I want to talk today about greed. Greed. Examples of it, how to recognize and why to avoid it is what all of the readings today touched on. And yet, there was no clear definition that would help us along in our own lives. And since it is sometimes helpful to look back on a word that is so common to us, to take a moment to think about what it actually means, this word that we all use, with greater or lesser frequency, let’s do that.
We hear a parent say to a child whose hand grabs for too many cookies, “don’t be greedy” and we know what that parent means – don’t take too much, don’t take more than your share, make sure everyone has a cookie before you take another, only take what you need, or in this case, the two cookie maximum that you know you’re allowed.
Don’t be greedy. In those three short words, that parent manages to pack a wealth of meaning that the child will only fully understand a bit later, though it’s never too soon to start.
There’s another way to think about greed, though – maybe more than one other way, but here’s one I’ve been thinking of. I find it helpful sometimes to think about the opposite of something, when I really want to get to understand it. And the opposite of greed could be… generosity. But I don’t think so. I think generosity is part of the opposite of greed, but I think it’s too specific. I think that the opposite of greed is really a way to live in the world we hold things lightly. Holding things lightly, meaning that we’re happy to have things (whatever those things are) come to us, and we’re happy to let them go. We literally, don’t hold on to them tightly. Our friends the Buddhists have a term for something like this, and it is non-attachment. And maybe that term, succinct as it is, will work for you, but I like the thought of holding things lightly.
And so, if holding things lightly is the opposite of greed, then that would make greed grabbing on tightly to those things that are yours and those things within your grasp. And not letting go. And by things, things in your grasp, am I just talking about money, about finances? No. Think, grabbing on tightly to possessions, to love, to attention, to power, to fame, to prestige… and sure, to wealth.
Now, I don’t know about you, but when I think, am I greedy? My instant answer is, ‘no, of course not.’ But if I rephrase the question, ‘do I grab on tightly to things in my life?
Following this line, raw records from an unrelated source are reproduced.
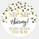 Sip Sip Hooray Baby ist auf dem Weg Baby Dusche bevorzugen Tag Aufkleber mit Schwarz-Gold Glitzer Konfetti Muster. Ideal für eine Babydusche, um Champagner oder Weinflaschen zu dekorieren.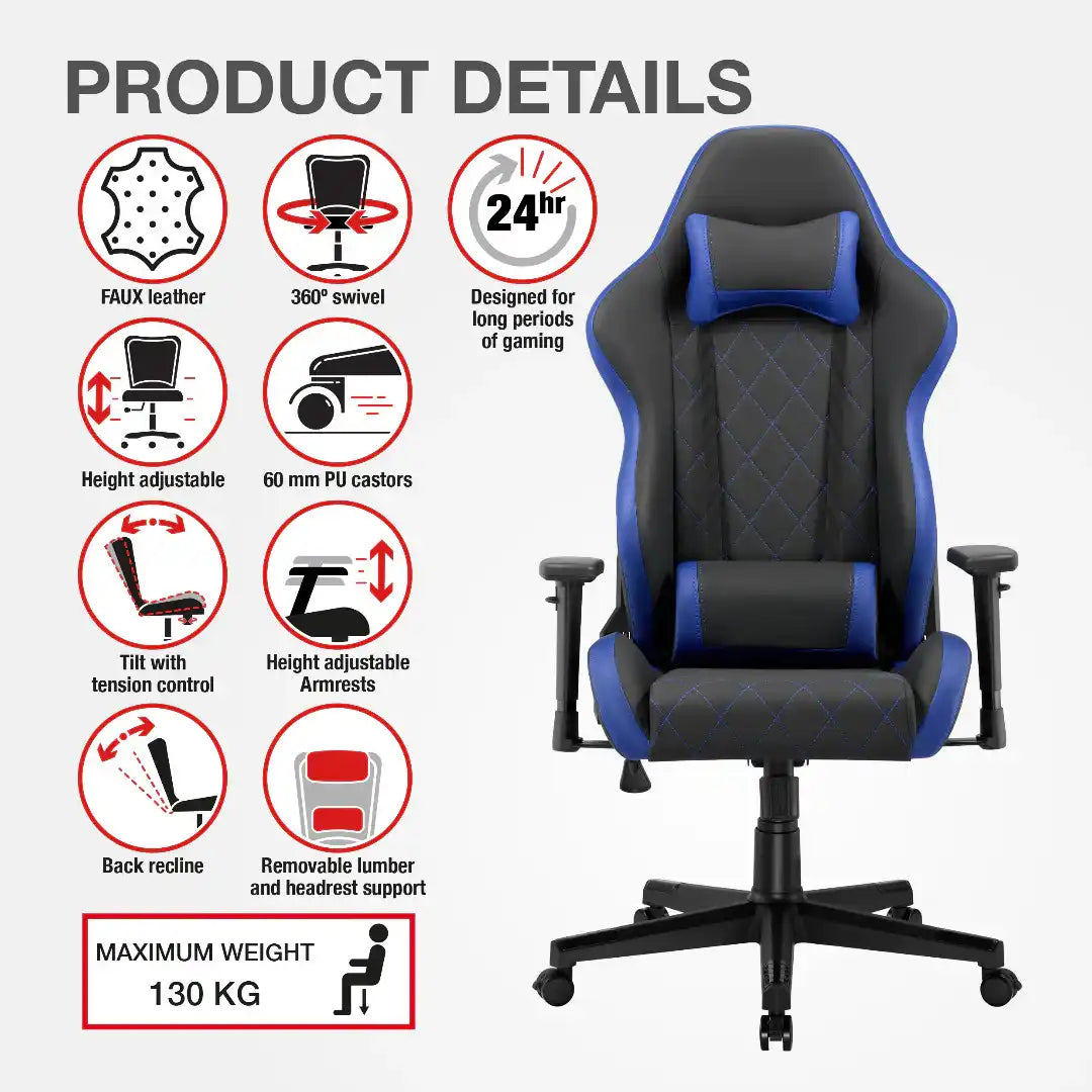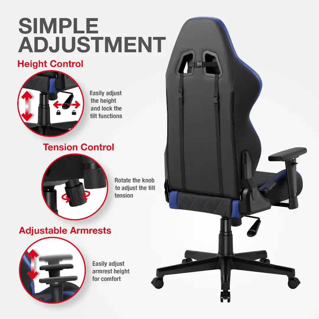 Monaco Ergonomic Gaming Chair - Black and Blue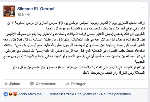 خلقت تدوينة لنائب الأمين العام لحزب العدالة والتنمية ، والمسؤول الإعلامي للحزب ، سليمان العمراني ، على حسابه الخاص بالفيسبوك ، جدلا واسعا ، حينما تحدث عن المشاورات الحكومية الحالية التي يقودها رئيس الحكومة المعين ،سعد الدين العثماني ، حيث دعا إلى " إعمال القواعد الشرعية في بناء التحالفات" ، وأخذ الدروس من " صلح الحديبية ".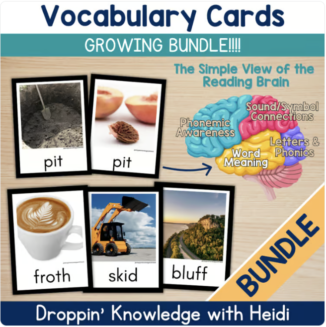 I created these cards as a way to help develop vocabulary and word recognition in early readers. When we take a look at the reading brain, we can see that meaning is important when kids are learning new words! Many of the early decodable words are words that kids may not hear often. This means vocabulary is important at even the earliest stages of learning to read!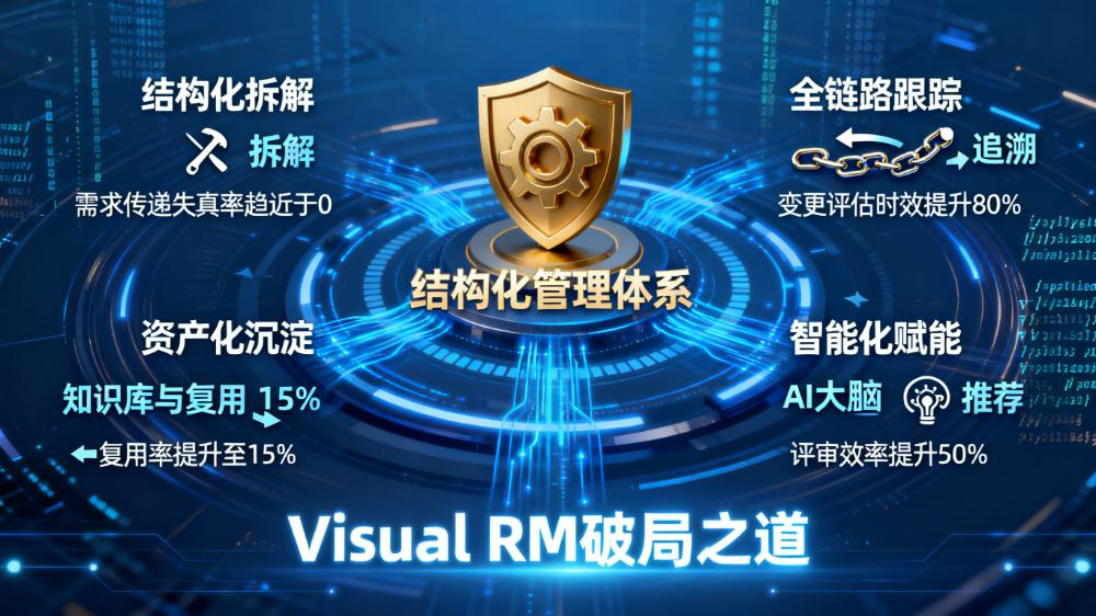 Visual RM 平台的需求结构化管理,不仅是对传统需求管理模式的颠覆,更是企业数字化转型的 “基础设施”。其通过将零散需求转化为标准化、可跟踪、可复用的数字资产,解决了 “需求找不到、看不懂、信不过、用不上、管不了” 的核心痛点,实现了 “业务与科技对齐、战略与执行对齐、成本与价值对齐”。

Is there something, or some group of things that they would have to pry my cold, dead fingers off of to get it out of my possession?’ My answer to that is less bold and confidant. And yet, that is exactly what we’re talking about. It’s what the wisdom we heard read is talking about. Because what God teaches about greed is pretty clear.
God says don’t be greedy.
God says be generous.
God says greed is utterly pointless. Pointless. Because what you have doesn’t matter, it isn’t the point, even if what you’ve got is a lot – so getting more is besides the point. (And God help you if you get more at the expense of others who have less. None of the prophets have anything good to say about that.)
So, okay. Clearly we’re not to be greedy. We are to hold onto things lightly. But that, as perhaps you have noticed, certainly I have, is sometimes easier said than done. So, perhaps in trying to figure out how on earth we go about living out this teaching (which I think is an important part of any teaching – how we’re supposed to do it), it’s helpful to consider briefly what it is we might need this teaching to begin with.
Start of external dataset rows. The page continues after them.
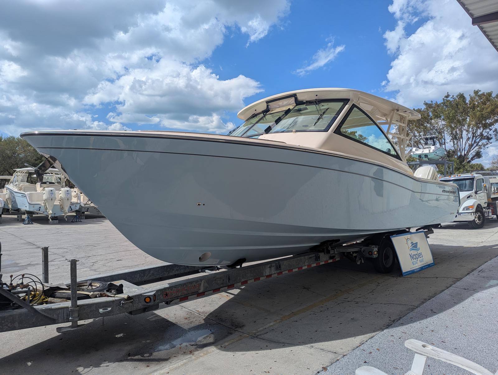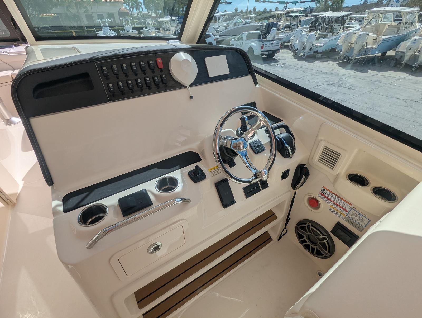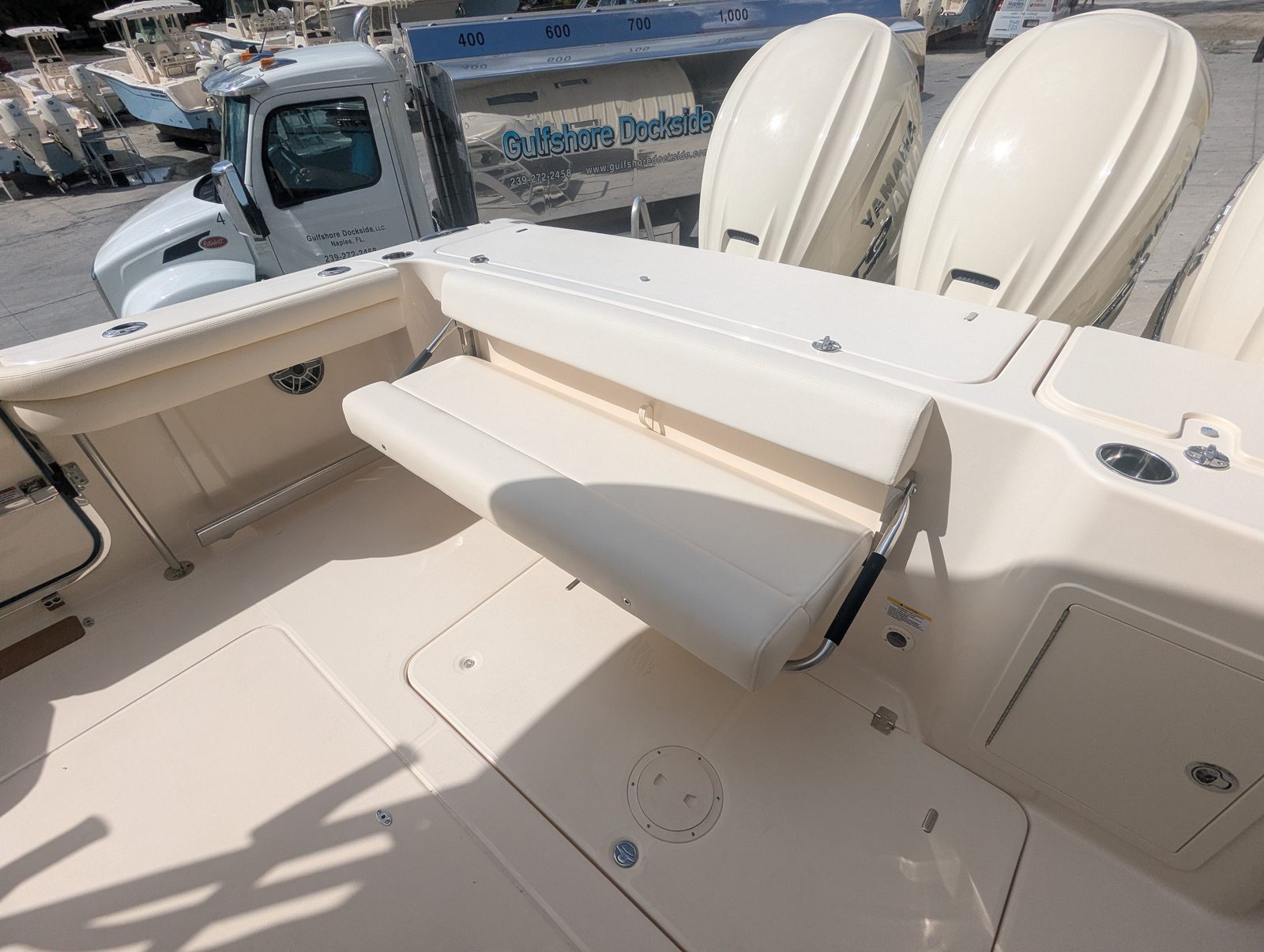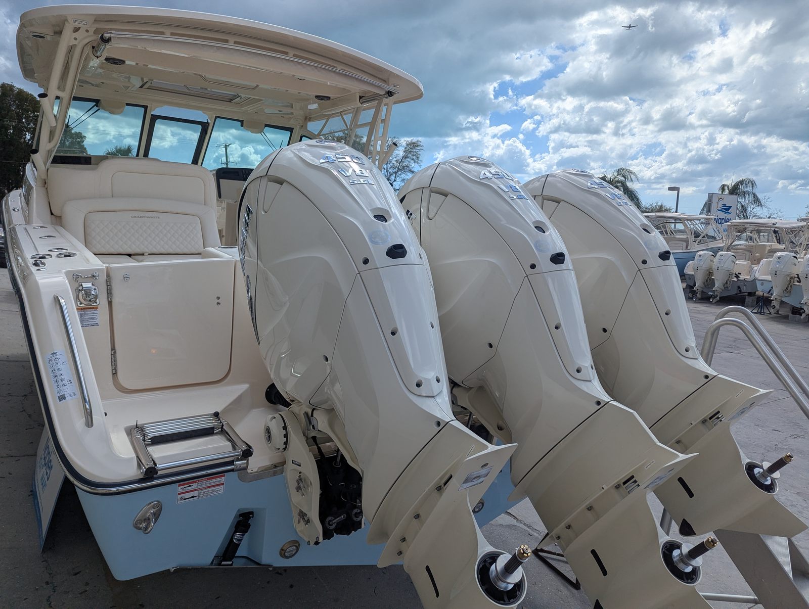 The Grady-White Freedom 375 is designed with practicality in mind, making ownership as enjoyable as it is rewarding. The advanced Yamaha Wireless Joystick system takes the stress out of docking, allowing you to navigate tight spaces with confidence and ease. The triple Yamaha XF450 engines provide not only impressive power but also reliable performance for long days on the water.The included Ivory Bow Shade, Top Aft Curtain, Top Drop Curtain, and Bow Cover offer flexible options for protecting your crew from the sun and weather, ensuring comfort no matter the conditions. The spacious layout and thoughtful storage solutions make it easy to bring along all your gear, whether you are planning a day of fishing, watersports, or simply relaxing at anchor.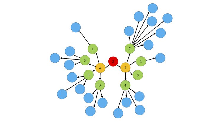 At the start of the coronavirus outbreak, R in the UK was around three. If every infected person infected exactly three people, the epidemic would have spread as in the figure below.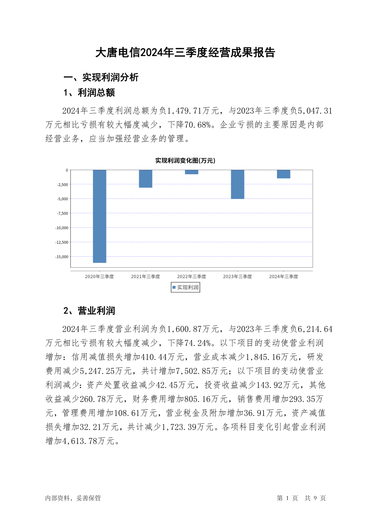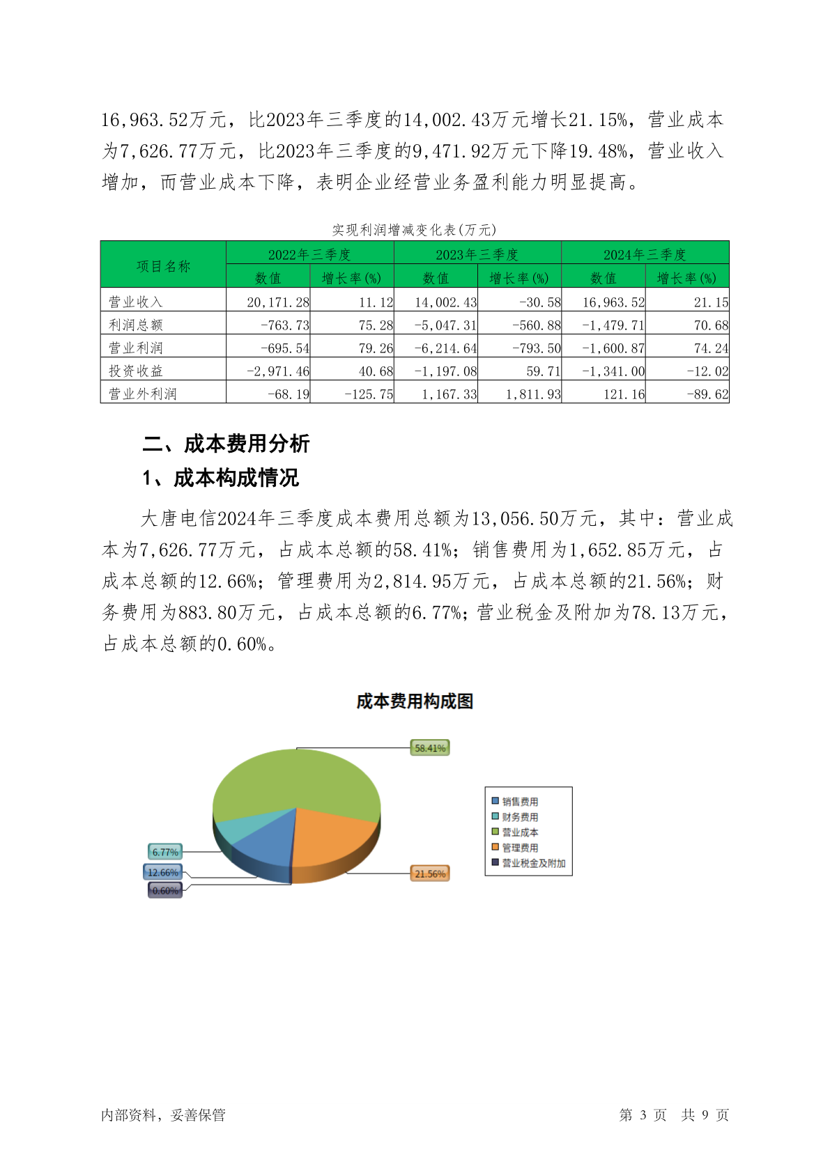 600198大唐电信2024年三季度经营成果报告

Why are we greedy in the first place?
Now, there are several answers to this, I’m certain, and I’m equally certain that they’ve all got some measure of truth in them. But try this one on for size, and keep it if it seems to fit.
If you’ll think back with me through the bible, especially through those ancient Hebrew scriptures we call the old testament, there are a few resonating themes that, regardless of what story we’re in the middle of hearing, whether it’s about creation, or Noah and the ark, or Abraham and the promises of a great nation, or Moses and the delivering of that great nation, or Samuel, or David, or the judges, or the prophets – throughout all of it, there’s this theme, this refrain, echoing over and over again, and this theme says: God is enough. God is enough. God is enough.
And there are variations on that theme:
If you have God, you have enough.
If you trust in God, you don’t need to trust anything else.
…Now, there could be several understandings of this theme. Certianly, a popular, but I think, wrong interpretation of the idea that ‘God is enough’ is that all we have to do is ‘believe’, and nothing will ever go wrong, life will always be nice, we’ll never get sick, we’ll never be hungry, and nothing bad will ever happen. This is what is prayed for, and this is what we believe will really occur, if only we believe enough. And if it doesn’t occur, it’s because we didn’t believe enough. This, I think, is a rather simplistic view of the complex universe that God has created, and knowing that this is how some people, some Christians approach religion makes me understand what Marx said when he accused religion of being the opiate of the masses.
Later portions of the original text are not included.